*MATERIAL SUPPLIED*.
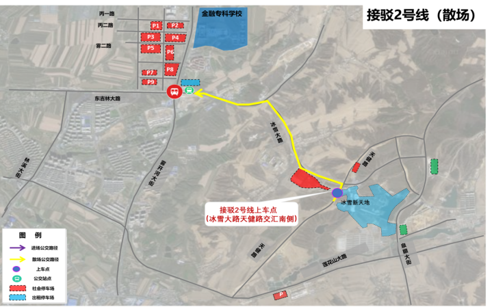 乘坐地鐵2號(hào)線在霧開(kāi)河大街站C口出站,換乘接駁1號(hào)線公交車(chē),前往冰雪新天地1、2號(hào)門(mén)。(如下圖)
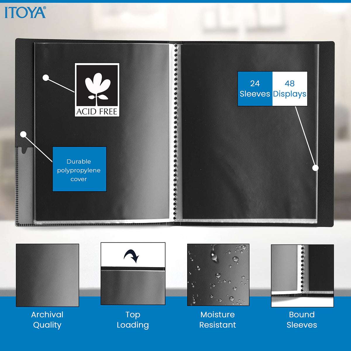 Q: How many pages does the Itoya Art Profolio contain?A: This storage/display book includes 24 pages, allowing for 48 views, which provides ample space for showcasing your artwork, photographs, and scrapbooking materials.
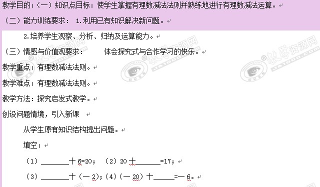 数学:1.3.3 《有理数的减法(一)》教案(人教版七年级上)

--

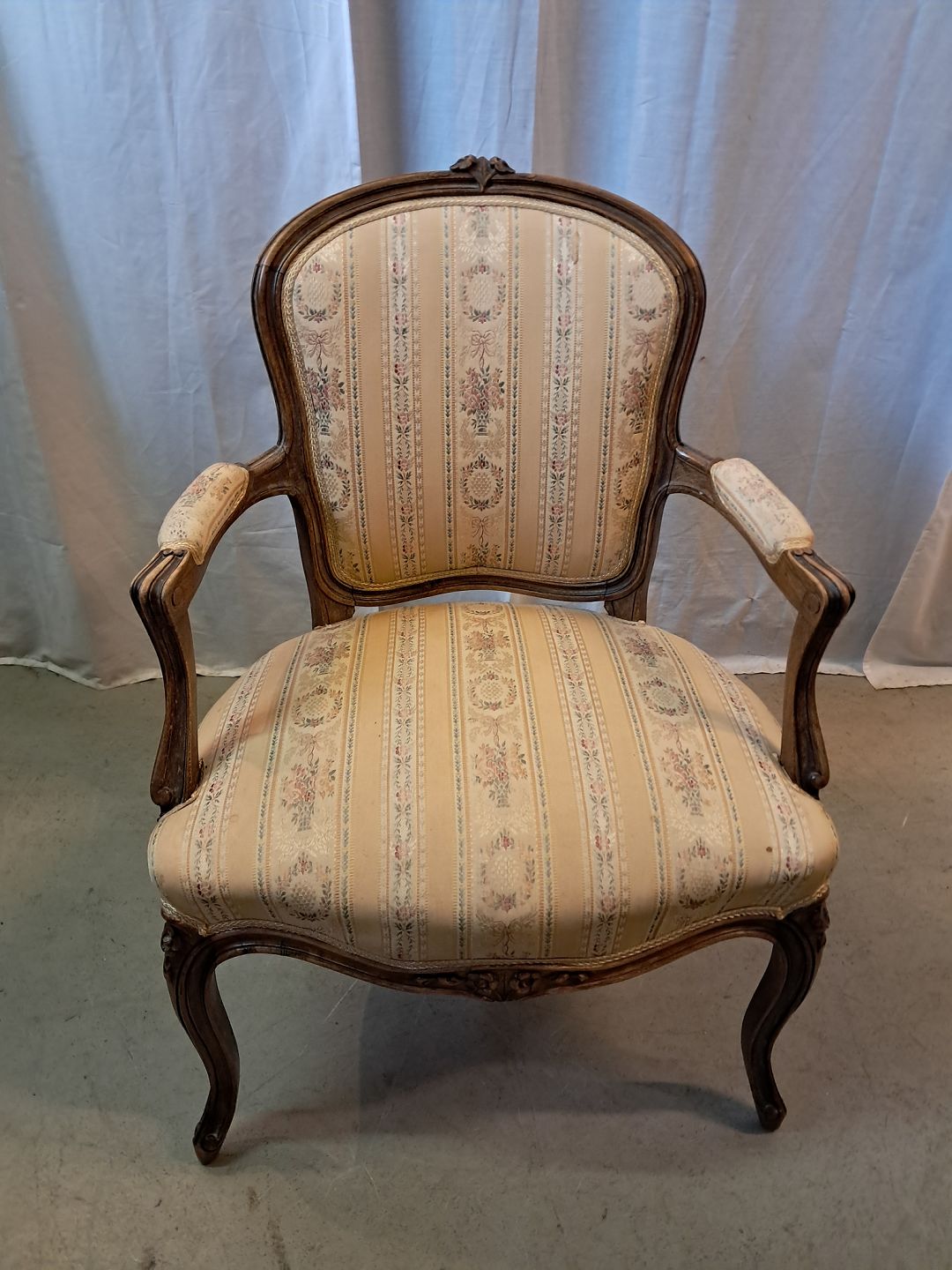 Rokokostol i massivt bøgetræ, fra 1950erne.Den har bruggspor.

==

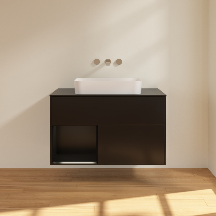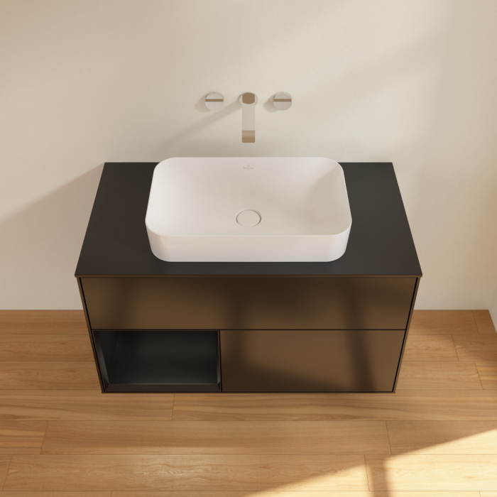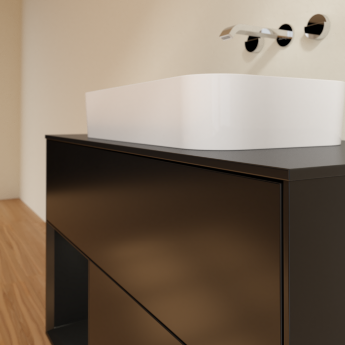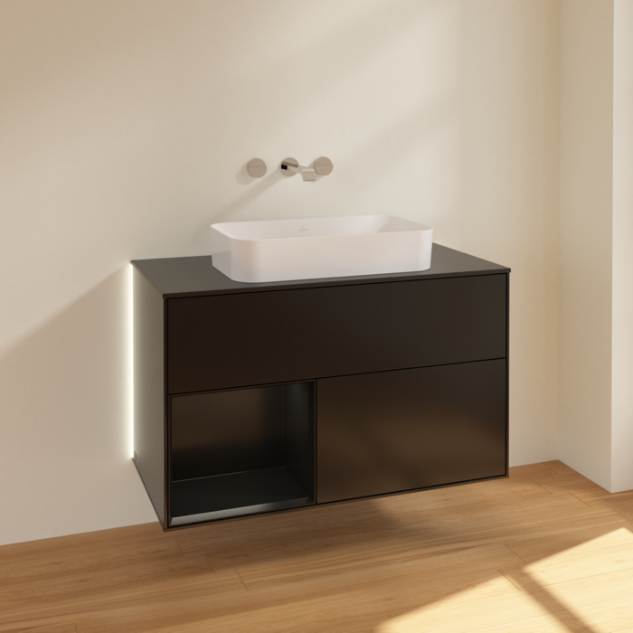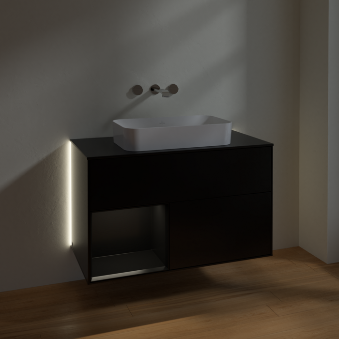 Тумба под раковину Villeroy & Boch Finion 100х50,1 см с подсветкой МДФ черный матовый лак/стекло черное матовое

*ASSIGNMENT*. Starting at the line with "乘坐地鐵2號(hào)線在霧" and finishing at the line with "数学:1.3.3 《有理数的减法(一)》教案(人教版七年级上)", copy the material above exactly, both lines included. Nothing else goes in, and no pictures.

*WORKED SOLUTION*.
 乘坐地鐵2號(hào)線在霧開(kāi)河大街站C口出站,換乘接駁1號(hào)線公交車(chē),前往冰雪新天地1、2號(hào)門(mén)。(如下圖)
 Q: How many pages does the Itoya Art Profolio contain?A: This storage/display book includes 24 pages, allowing for 48 views, which provides ample space for showcasing your artwork, photographs, and scrapbooking materials.
 数学:1.3.3 《有理数的减法(一)》教案(人教版七年级上)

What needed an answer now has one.